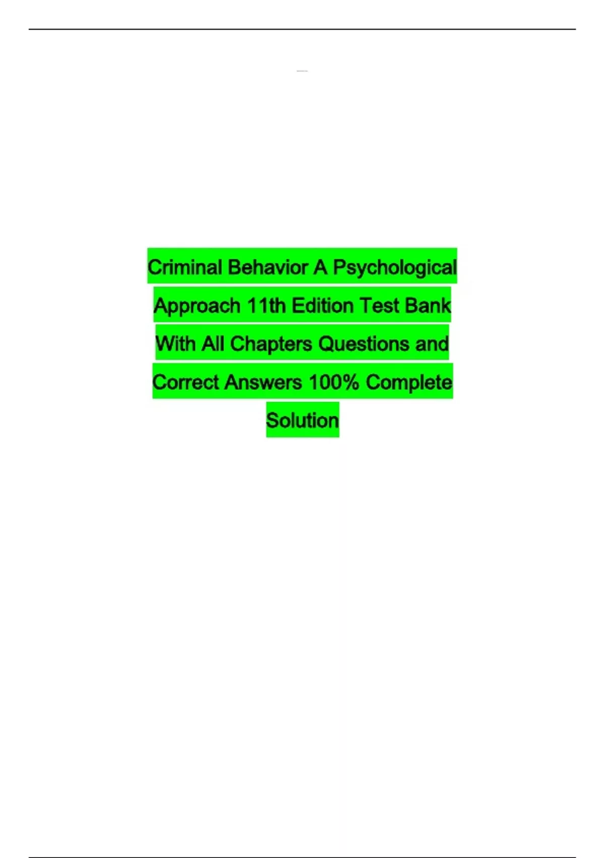 Criminal Behavior A Psychological Approach 11th Edition Test Bank With All Chapters Questions and Correct Answers 100% Complete Solution
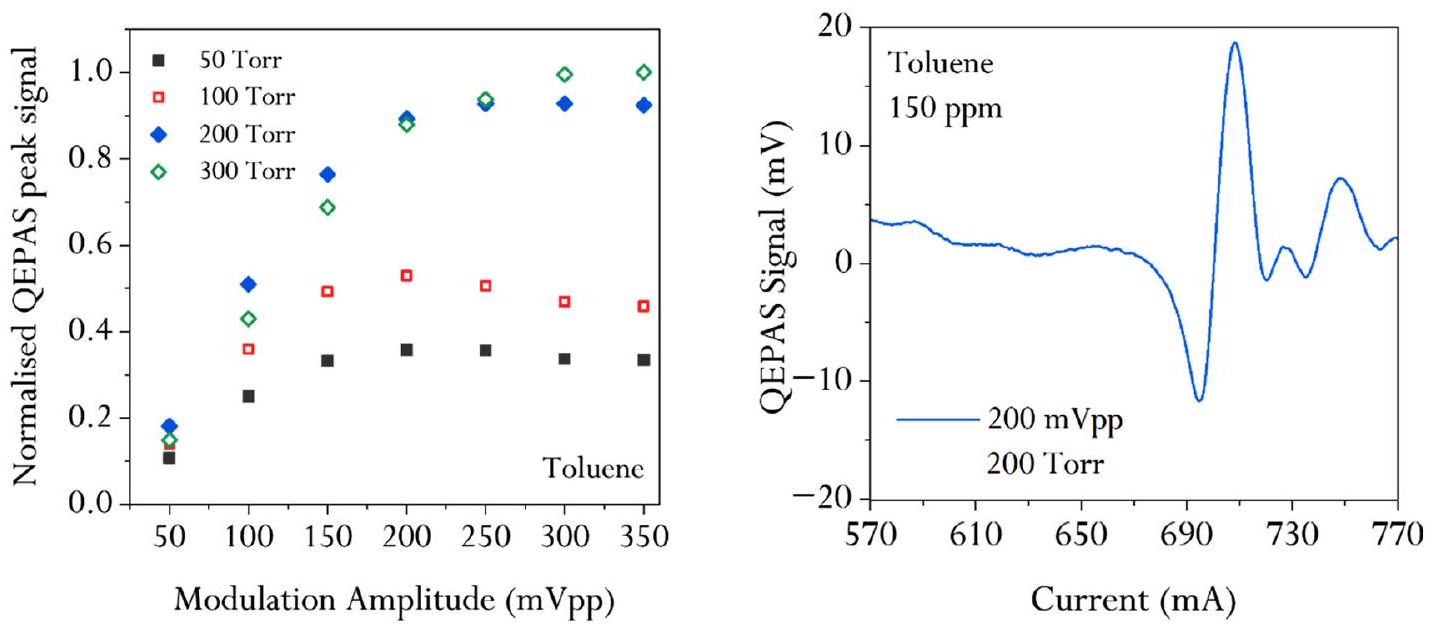 FIG. 5. (left) Normalized QEPAS peak signal of toluene plotted against the laser peak-to-peak modulation amplitude at various pressures. (right) QEPAS signal of 150 ppm of toluene obtained by sweeping the laser injection current within the QCL tuning range at optimal working conditions, i.e., 200 mV peak-to-peak laser current modulation amplitude and 200 Torr.
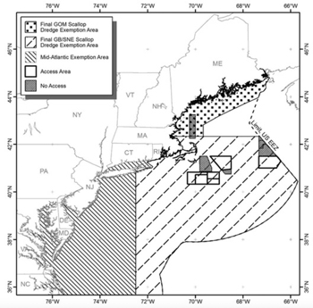 NOAA Fisheries has expanded the boundaries of the current Great South Channel and Southern New England Scallop Dredge Exemption Areas for the Limited Access General Category Individual Fishing Quota fishery creating a single area south of 42° 20’ N lat. and east of the Mid-Atlantic Exemption Area. All other Limited Access General Category Individual Fishing Quota regulatory requirements such as the requirement to use dredge gear 10.5 ft or less and possession limits for both scallops and monkfish remain unchanged.
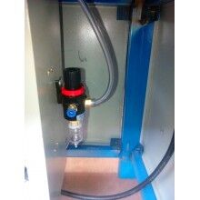 將膩?zhàn)臃郯b袋套在出料嘴上,撥動(dòng)彈簧開(kāi)關(guān),壓袋氣缸開(kāi)始工作并壓住袋口,控制器將包裝袋重量自動(dòng)去除,通過(guò)空壓機(jī)的氣流經(jīng)三分管分成三路,其中一路去往進(jìn)料口進(jìn)行破拱,保證下料暢通。葉輪高速轉(zhuǎn)動(dòng)迅速將物料撥出灌入袋中,隨袋中空氣一起溢出的粉塵經(jīng)排氣孔排出(對(duì)環(huán)保要求高的用戶(hù)也可連接吸塵器,由除塵器吸走)。待加料達(dá)到粗流設(shè)定值(L1)時(shí),氣缸自動(dòng)將橡膠軟管夾至1/2開(kāi)口,出料速度減慢,到總設(shè)定(L2)時(shí),氣缸將橡膠軟管完全夾死,出料停止,壓袋氣缸松開(kāi)袋口,灌裝結(jié)束。
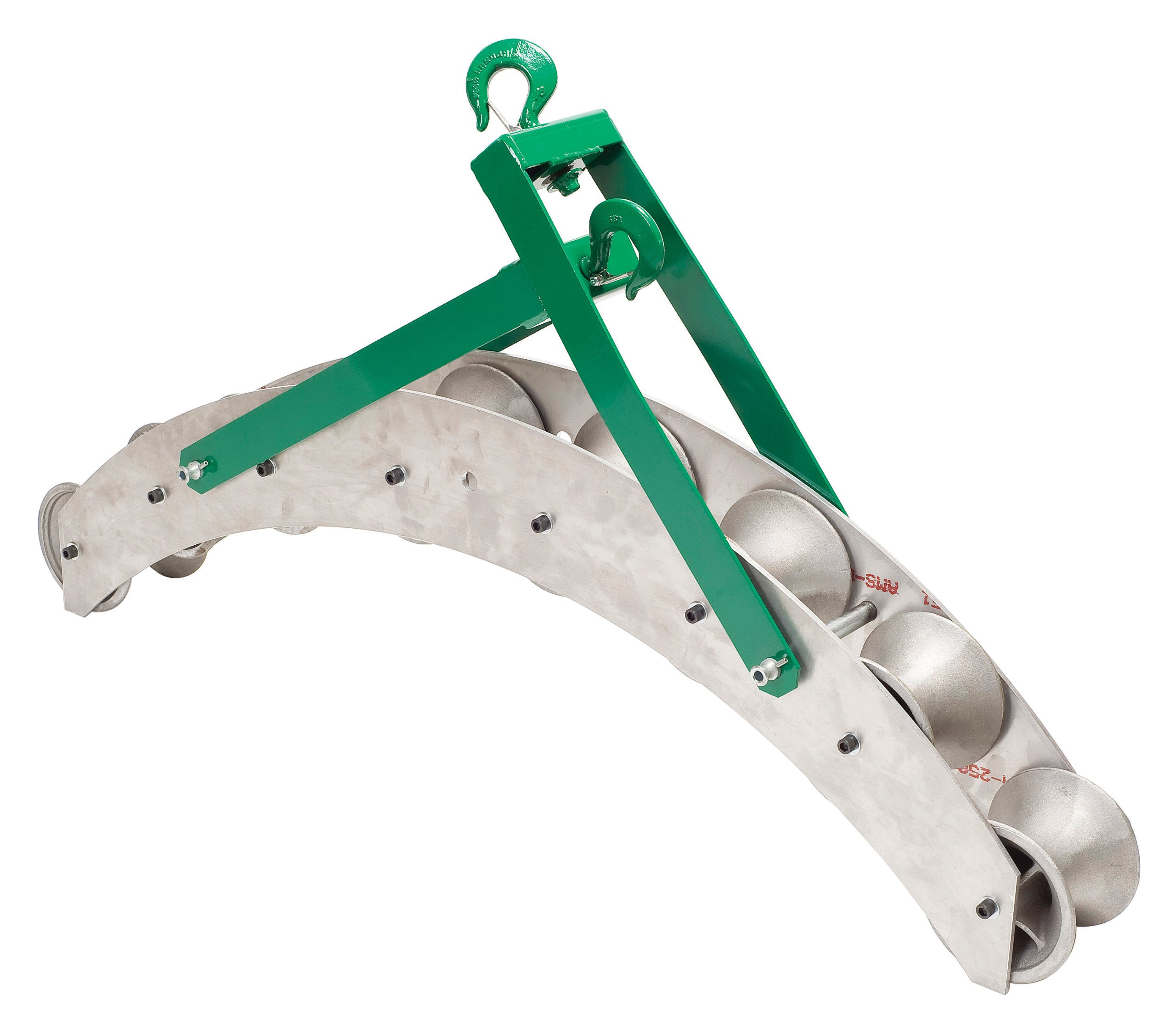 La poulie Greenlee 4036 de 36″ est dotée d’un cadre en acier soudé à structure aluminium avec huit galets en alliage d’aluminium de 5″ de largeur, de crochets de fermeture en acier moulé (ouverture 1″) et convient aux tire‑câbles avec une force maximale de traction jusqu’à 4 000 lb (≈ 17,8 kN).
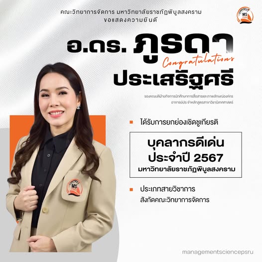 คณะวิทยาการจัดการ ขอแสดงความยินดีกับอาจารย์ ดร.ภูรดา ประเสริฐศรี
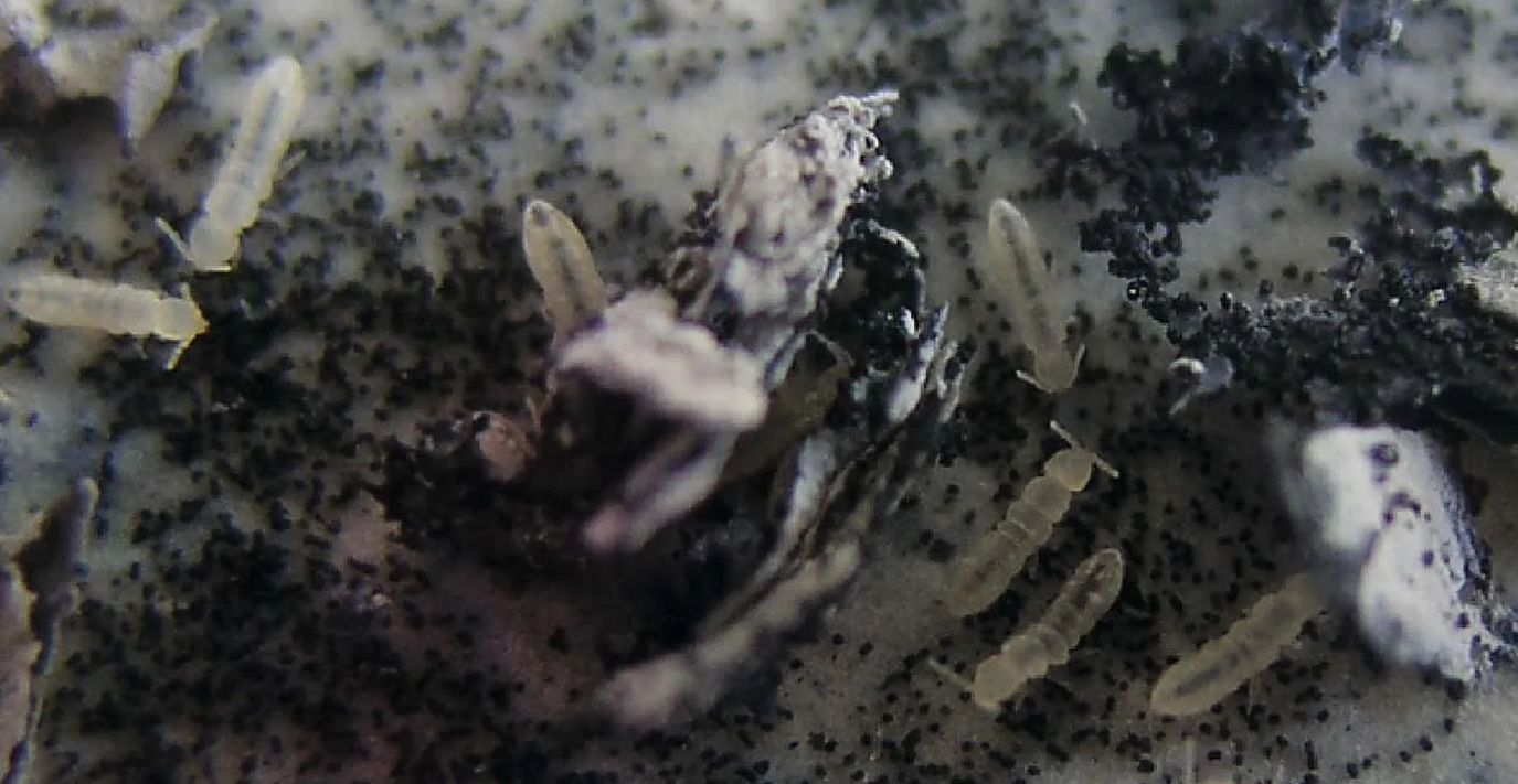 QuickTime video showing springtails (F. candida) feeding on S. coelicolor biomass.

============

▶ [Assigned task]:
Your reply must contain each entry exactly as written and no pictures.

▶ [Solution for this exercise]:
 Criminal Behavior A Psychological Approach 11th Edition Test Bank With All Chapters Questions and Correct Answers 100% Complete Solution
 FIG. 5. (left) Normalized QEPAS peak signal of toluene plotted against the laser peak-to-peak modulation amplitude at various pressures. (right) QEPAS signal of 150 ppm of toluene obtained by sweeping the laser injection current within the QCL tuning range at optimal working conditions, i.e., 200 mV peak-to-peak laser current modulation amplitude and 200 Torr.
 NOAA Fisheries has expanded the boundaries of the current Great South Channel and Southern New England Scallop Dredge Exemption Areas for the Limited Access General Category Individual Fishing Quota fishery creating a single area south of 42° 20’ N lat. and east of the Mid-Atlantic Exemption Area. All other Limited Access General Category Individual Fishing Quota regulatory requirements such as the requirement to use dredge gear 10.5 ft or less and possession limits for both scallops and monkfish remain unchanged.
 將膩?zhàn)臃郯b袋套在出料嘴上,撥動(dòng)彈簧開(kāi)關(guān),壓袋氣缸開(kāi)始工作并壓住袋口,控制器將包裝袋重量自動(dòng)去除,通過(guò)空壓機(jī)的氣流經(jīng)三分管分成三路,其中一路去往進(jìn)料口進(jìn)行破拱,保證下料暢通。葉輪高速轉(zhuǎn)動(dòng)迅速將物料撥出灌入袋中,隨袋中空氣一起溢出的粉塵經(jīng)排氣孔排出(對(duì)環(huán)保要求高的用戶(hù)也可連接吸塵器,由除塵器吸走)。待加料達(dá)到粗流設(shè)定值(L1)時(shí),氣缸自動(dòng)將橡膠軟管夾至1/2開(kāi)口,出料速度減慢,到總設(shè)定(L2)時(shí),氣缸將橡膠軟管完全夾死,出料停止,壓袋氣缸松開(kāi)袋口,灌裝結(jié)束。
 La poulie Greenlee 4036 de 36″ est dotée d’un cadre en acier soudé à structure aluminium avec huit galets en alliage d’aluminium de 5″ de largeur, de crochets de fermeture en acier moulé (ouverture 1″) et convient aux tire‑câbles avec une force maximale de traction jusqu’à 4 000 lb (≈ 17,8 kN).
 คณะวิทยาการจัดการ ขอแสดงความยินดีกับอาจารย์ ดร.ภูรดา ประเสริฐศรี
 QuickTime video showing springtails (F. candida) feeding on S. coelicolor biomass.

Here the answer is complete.